* _DATA SEGMENT_
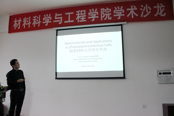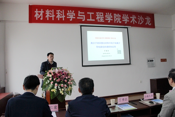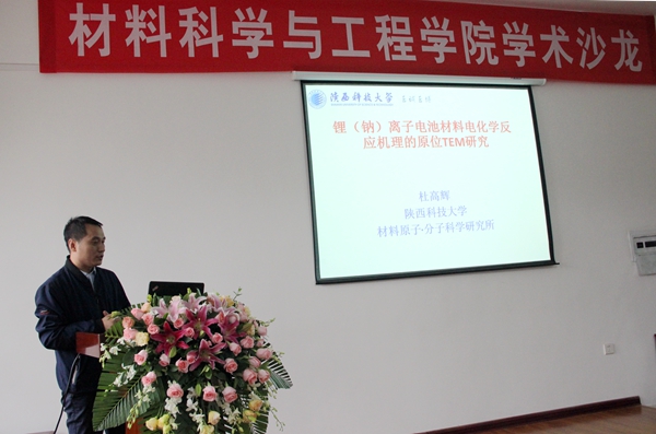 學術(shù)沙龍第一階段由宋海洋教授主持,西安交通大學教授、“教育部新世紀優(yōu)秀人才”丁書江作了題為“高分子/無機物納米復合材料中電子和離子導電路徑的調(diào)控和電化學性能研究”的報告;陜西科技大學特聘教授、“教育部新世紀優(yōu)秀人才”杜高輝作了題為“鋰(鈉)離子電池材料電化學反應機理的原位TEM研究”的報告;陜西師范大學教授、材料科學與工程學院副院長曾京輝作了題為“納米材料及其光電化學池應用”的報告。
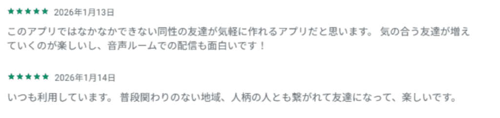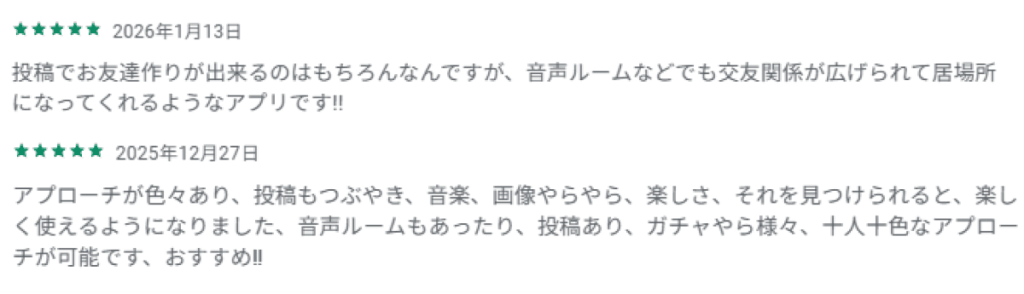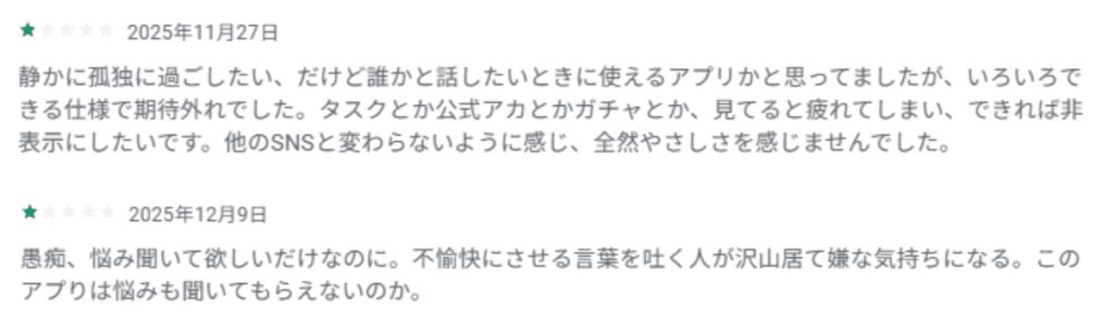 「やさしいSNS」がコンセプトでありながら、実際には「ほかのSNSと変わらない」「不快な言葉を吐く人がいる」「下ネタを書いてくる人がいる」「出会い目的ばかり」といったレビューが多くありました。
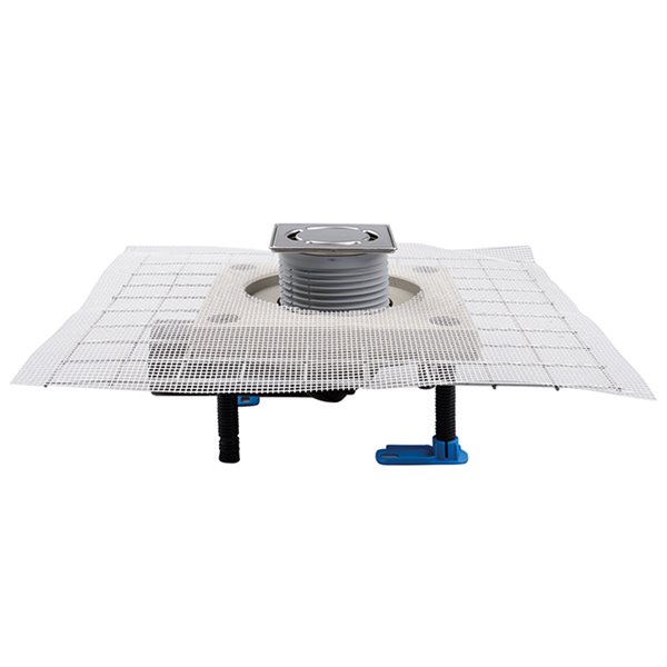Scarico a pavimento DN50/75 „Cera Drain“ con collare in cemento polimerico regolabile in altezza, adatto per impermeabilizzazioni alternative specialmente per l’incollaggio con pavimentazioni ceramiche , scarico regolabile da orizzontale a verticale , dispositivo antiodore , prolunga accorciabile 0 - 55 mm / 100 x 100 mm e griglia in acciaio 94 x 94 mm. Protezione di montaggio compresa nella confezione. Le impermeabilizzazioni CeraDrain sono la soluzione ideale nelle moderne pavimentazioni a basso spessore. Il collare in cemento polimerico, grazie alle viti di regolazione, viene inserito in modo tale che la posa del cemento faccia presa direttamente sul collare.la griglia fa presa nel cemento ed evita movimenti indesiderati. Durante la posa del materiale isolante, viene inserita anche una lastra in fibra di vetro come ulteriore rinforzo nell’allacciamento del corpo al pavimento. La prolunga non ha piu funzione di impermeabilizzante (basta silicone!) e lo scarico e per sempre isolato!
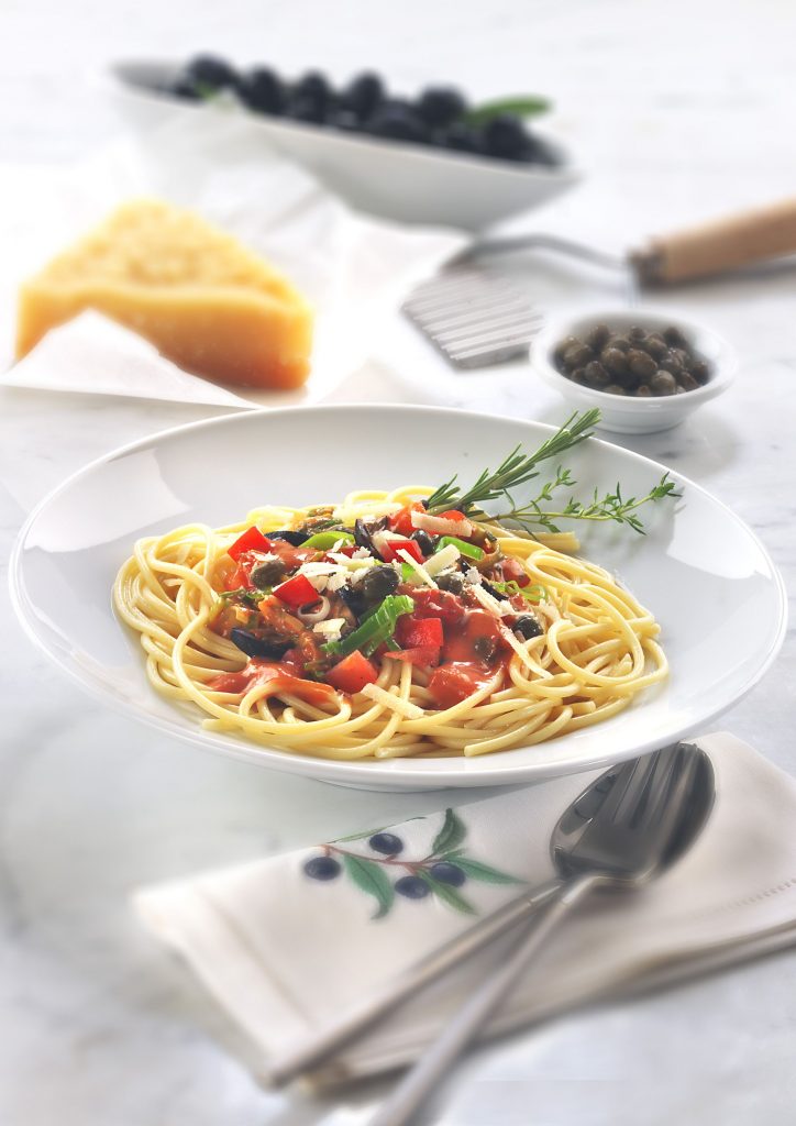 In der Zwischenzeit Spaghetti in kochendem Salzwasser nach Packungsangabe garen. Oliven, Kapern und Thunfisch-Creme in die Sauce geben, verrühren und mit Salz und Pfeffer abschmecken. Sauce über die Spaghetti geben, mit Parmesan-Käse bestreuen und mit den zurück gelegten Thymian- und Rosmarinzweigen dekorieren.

* _WHAT YOU WILL DO_
For this exercise, retype the data above exactly and skip every image.

* _REPLY_
 學術(shù)沙龍第一階段由宋海洋教授主持,西安交通大學教授、“教育部新世紀優(yōu)秀人才”丁書江作了題為“高分子/無機物納米復合材料中電子和離子導電路徑的調(diào)控和電化學性能研究”的報告;陜西科技大學特聘教授、“教育部新世紀優(yōu)秀人才”杜高輝作了題為“鋰(鈉)離子電池材料電化學反應機理的原位TEM研究”的報告;陜西師范大學教授、材料科學與工程學院副院長曾京輝作了題為“納米材料及其光電化學池應用”的報告。
 「やさしいSNS」がコンセプトでありながら、実際には「ほかのSNSと変わらない」「不快な言葉を吐く人がいる」「下ネタを書いてくる人がいる」「出会い目的ばかり」といったレビューが多くありました。
Scarico a pavimento DN50/75 „Cera Drain“ con collare in cemento polimerico regolabile in altezza, adatto per impermeabilizzazioni alternative specialmente per l’incollaggio con pavimentazioni ceramiche , scarico regolabile da orizzontale a verticale , dispositivo antiodore , prolunga accorciabile 0 - 55 mm / 100 x 100 mm e griglia in acciaio 94 x 94 mm. Protezione di montaggio compresa nella confezione. Le impermeabilizzazioni CeraDrain sono la soluzione ideale nelle moderne pavimentazioni a basso spessore. Il collare in cemento polimerico, grazie alle viti di regolazione, viene inserito in modo tale che la posa del cemento faccia presa direttamente sul collare.la griglia fa presa nel cemento ed evita movimenti indesiderati. Durante la posa del materiale isolante, viene inserita anche una lastra in fibra di vetro come ulteriore rinforzo nell’allacciamento del corpo al pavimento. La prolunga non ha piu funzione di impermeabilizzante (basta silicone!) e lo scarico e per sempre isolato!
 In der Zwischenzeit Spaghetti in kochendem Salzwasser nach Packungsangabe garen. Oliven, Kapern und Thunfisch-Creme in die Sauce geben, verrühren und mit Salz und Pfeffer abschmecken. Sauce über die Spaghetti geben, mit Parmesan-Käse bestreuen und mit den zurück gelegten Thymian- und Rosmarinzweigen dekorieren.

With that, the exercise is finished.